Люди вообще странные существа. Они собираются в стаи, жить не могут в одиночестве, но при этом отчаянно желают нарастить вокруг себя скорлупу и никого не пускать внутрь. Только людям свойственно приходить в шумную забегаловку, чтобы побыть наедине с самими собой. Только люди заводят миллион знакомств в социальных сетях и закрывают аккаунты от всех, кроме самых-самых доверенных лиц. А тех, кто не стесняется быть открытым, кто разломал скорлупу – стесняются, боятся и даже презирают.

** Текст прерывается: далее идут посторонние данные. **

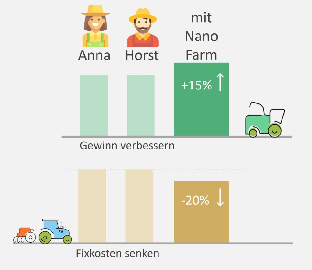 Nano-Farm bietet einen geschützten Rahmen, wo Du Deine Fixkosten um bis zu 20% senken, Dein landwirtschaftliches Einkommen um bis zu 15% verbessert werden kann und sich Dein Komfort bei der Arbeit am Feld verbessert.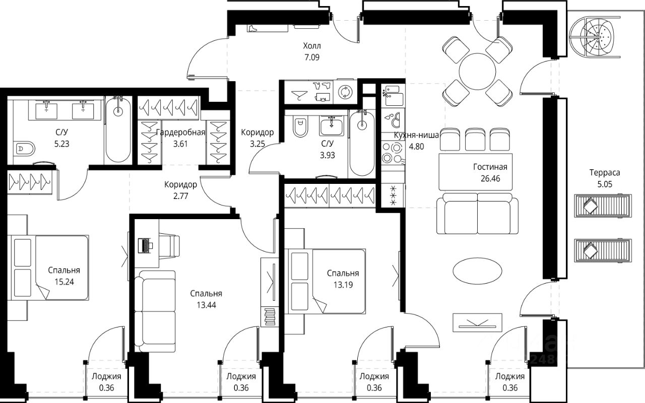 В ЖК SET продается 3-комнатная квартира площадью 105.50 м², расположенная в корпусе Д, на 2 этаже 5 этажного дома.

Когда они с Денисом вышли из кафе, скомкано попрощались и разошлись, Лера тут же захотела встретиться снова. И это было естественное желание.
Через несколько дней она столкнулась с Денисом на велодорожке. Не сказать, чтобы случайно. Но и не специально. Хотелось думать, что так и должно быть.
Лера остановилась, смущенно улыбнувшись, и предложила позавтракать вместе.
Денис не отказался. С тех пор он вообще никогда ни от чего не отказывался.
…Лера выплакалась минут за десять. Достала пузырек успокаивающего, высыпала три пилюли (по рецепту положено было пить одну в день, но сейчас-то какая разница?), проглотила, запив остывающим кофе. Взяла со стола пару кубиков сахара и как есть, в ночном халате и тапочках, вышла из квартиры.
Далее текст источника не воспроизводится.